Table joins are the most important feature of SQL databases; they are very powerful and allow us to create all kinds of complex queries. You can also join more than two tables if you like:

    /* list players who appeared in at least one game in 2013. */
    SELECT m.nameFirst, m.nameLast, t.name
    FROM Master m, Appearances a, Teams t 
    WHERE m.playerID = a.playerID
        AND a.teamID = t.teamID
        AND a.yearID = t.yearID
        AND a.yearID = 2013;

### GROUP BY and Aggregate functions

Often, one thing that you want to do is to aggregate over multiple rows. For example, what is the average number of hits per player for each team? Or what is the total amount of salary spent by each team? To do this, use a GROUP BY clause:

    /* sum walks for each team in 2013 */
    SELECT teamID, SUM(BB)
    FROM Batting
    WHERE yearID = 2013
    GROUP BY teamID;

There are a number of useful aggregate functions:

- **_SUM(column)_** : Calculate the sum of column for all the rows in each group
- **_AVG(column)_** : Calculate the numeric average for all of the rows in each group
- **_COUNT(column)_** : Count the number of rows in each group
- **_MIN(column) and MAX(column)_** : Find the minimum or maximum value of column in all the rows in each group

Often, it can be very powerful to combine GROUP BY and table joins. To figure out these queries, I recommend first getting the join to return the individual rows correctly, and then adding in the GROUP BY and aggregates.

### ORDER BY

Normally, the results are returned in the order they appear in the database. However, it can be very useful to re-order the results using ORDER BY

    SELECT m.nameFirst, m.nameLast, b.teamID, b.HR
    FROM Master m, Batting b 
    WHERE m.playerID = b.playerID
        AND b.yearID = 2010
    ORDER BY b.HR DESC

(After you specify which column to order by, you can optionally specify either ASC for ascending order, or DESC for descending order.)
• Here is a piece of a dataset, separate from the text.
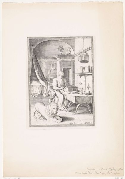 Curator: This is André Louis Victor Texier's "Alchemist's Laboratory," housed at the Harvard Art Museums. Editor: What a fantastically cluttered space! It’s like a brain bursting with ideas, rendered in monochrome. Curator: The composition certainly emphasizes the density of the scene. Note the strong contrasts of light and shadow creating a sense of depth and intrigue. Editor: The light seems to pool around the figure, drawing us into their concentrated world of study and experimentation. I almost feel like I could smell the old paper! Curator: Indeed, that play of light also serves to highlight key elements within the scene, guiding the viewer's eye through the complex arrangement of objects. Editor: It's that tension between order and chaos, the scientific mind wrestling with the mysteries of the universe, that really resonates. Curator: A well-observed point. It encapsulates a whole era of thought. Editor: Leaving me pondering the possibilities!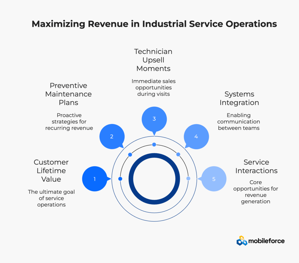 Industrial service revenue optimization strategies must address this gap by providing field technicians with mobile access to customer history, sales data, and upsell opportunities. When service teams understand the broader customer relationship and have clear pathways for communicating opportunities to sales teams, every field visit becomes a potential revenue-generating interaction.

Using ORDER BY with custom column names can be really useful when combined with GROUP BY:

    SELECT teamID, SUM(HR) as homeruns
    FROM Batting
    WHERE yearID = 2010
    GROUP BY teamID
    ORDER BY homeruns DESC

### Modifying the database

In addition to retrieving information from an existing database, you can also insert data into a database, update existing rows, and delete records using SQL.  Here are some example queries:

- **INSERT**: Adding a row to a table

        INSERT INTO Master
        (playerID, nameFirst, nameLast)
        VALUES ('mightycasey5000', 'Mighty', 'Casey')

- **UPDATE**: Changing data that is already in a table

        UPDATE Master
        SET nameGiven = 'The Mighty Casey'
        WHERE playerID = 'mightycasey5000'

- **DELETE**: Removing one or more rows from a table

        DELETE FROM Master
        WHERE playerID = 'mightycasey5000'

- **ALTER TABLE**: Changing the structure of an existing table

        ALTER TABLE Master
            ADD COLUMN gender VARCHAR(1) DEFAULT 'M'


## In-class SQL exercise: Moneyball

Now that we've experienced SQL, lets try some querying.

### Basics

- Which player hit the most home runs in 2013?
- Which team spent the most money on player salaries in 2013?

### Advanced

- Which team spent the least money per win on player salaries in 2013?
- Which player averaged the fewest at bats between home runs in 2013?
- Which player in 2013 had the highest on base percentage?
- Which Detroit Tigers pitcher had the most wins in a single season in the 2000s (all seasons starting in 2000 or greater)?
- In the 2000s, did the Detroit Tigers draw more or fewer walks (Base-on-Balls or BB) as the 21st century went on?

<hr />

## databases and Python

Python lets you interact with databases using SQL just like you do in SQLite Manager.  Python code can do SELECTs, CREATEs, INSERTs, UPDATEs, and DELETEs, and any other SQL you can run other ways, and the results are returned in a format that lets you interact with them after the SQL statements finish.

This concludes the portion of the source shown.